## TASK INSTRUCTIONS
Nothing but the lines from the one with "剧中饰演单亲母亲,独自拉扯两个孩子。" down to the one with "(1)MNP連接起來得到一條" should be returned, exactly and with both ends included, from the material below.

## SUPPLIED MATERIAL
------------

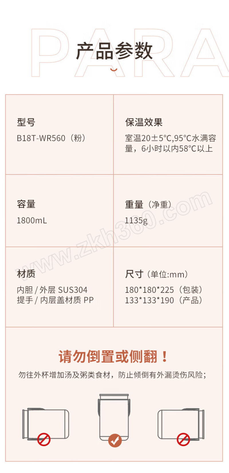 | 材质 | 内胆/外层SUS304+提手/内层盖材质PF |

------------

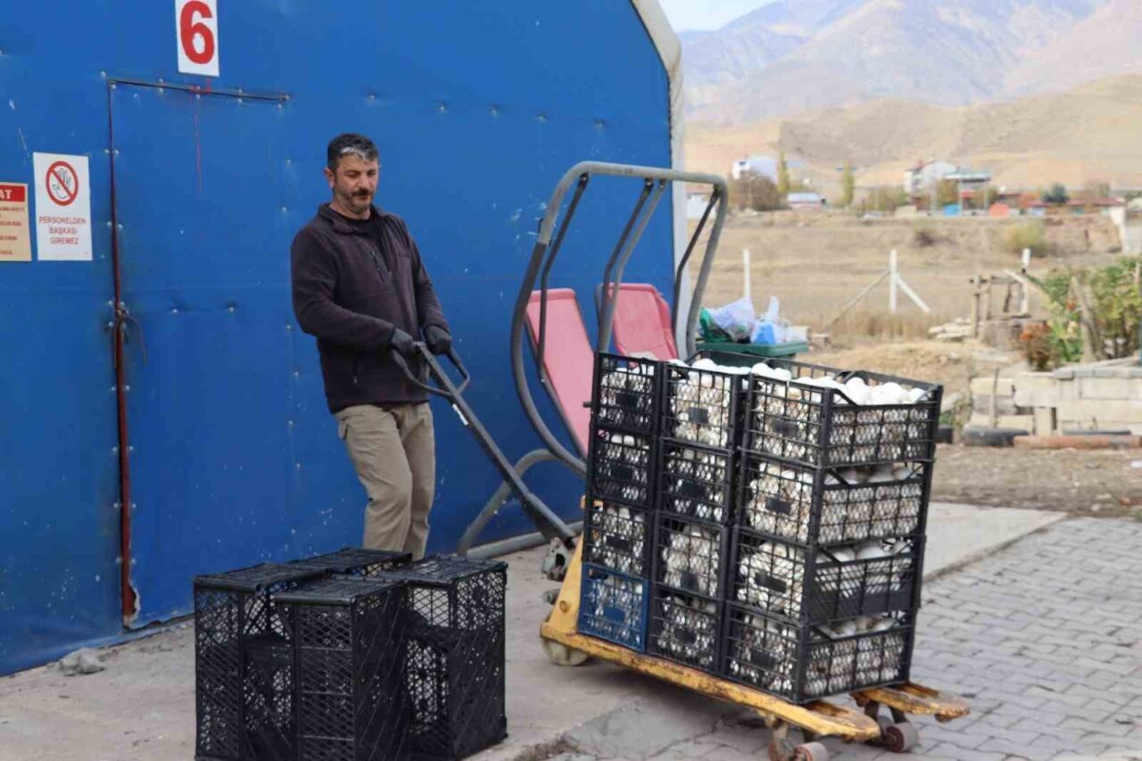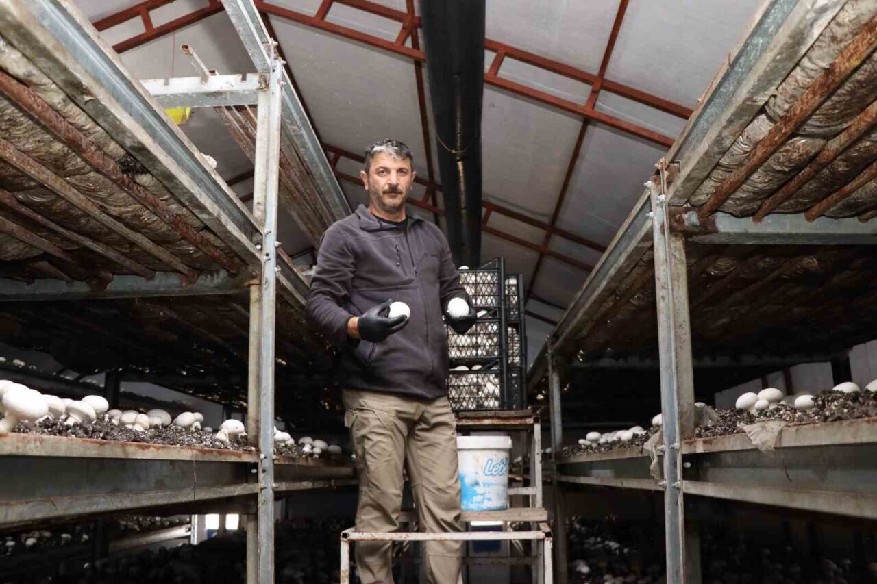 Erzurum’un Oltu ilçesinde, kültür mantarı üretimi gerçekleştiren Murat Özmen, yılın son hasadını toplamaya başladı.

------------

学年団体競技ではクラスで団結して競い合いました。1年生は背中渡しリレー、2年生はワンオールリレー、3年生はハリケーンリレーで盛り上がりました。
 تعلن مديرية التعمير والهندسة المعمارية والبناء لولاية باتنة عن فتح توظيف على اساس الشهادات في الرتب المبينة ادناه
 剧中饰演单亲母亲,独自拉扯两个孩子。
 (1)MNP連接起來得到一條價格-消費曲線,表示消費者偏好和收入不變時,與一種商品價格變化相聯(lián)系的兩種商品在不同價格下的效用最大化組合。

------------

## EXERCISE OUTPUT
 剧中饰演单亲母亲,独自拉扯两个孩子。
 (1)MNP連接起來得到一條價格-消費曲線,表示消費者偏好和收入不變時,與一種商品價格變化相聯(lián)系的兩種商品在不同價格下的效用最大化組合。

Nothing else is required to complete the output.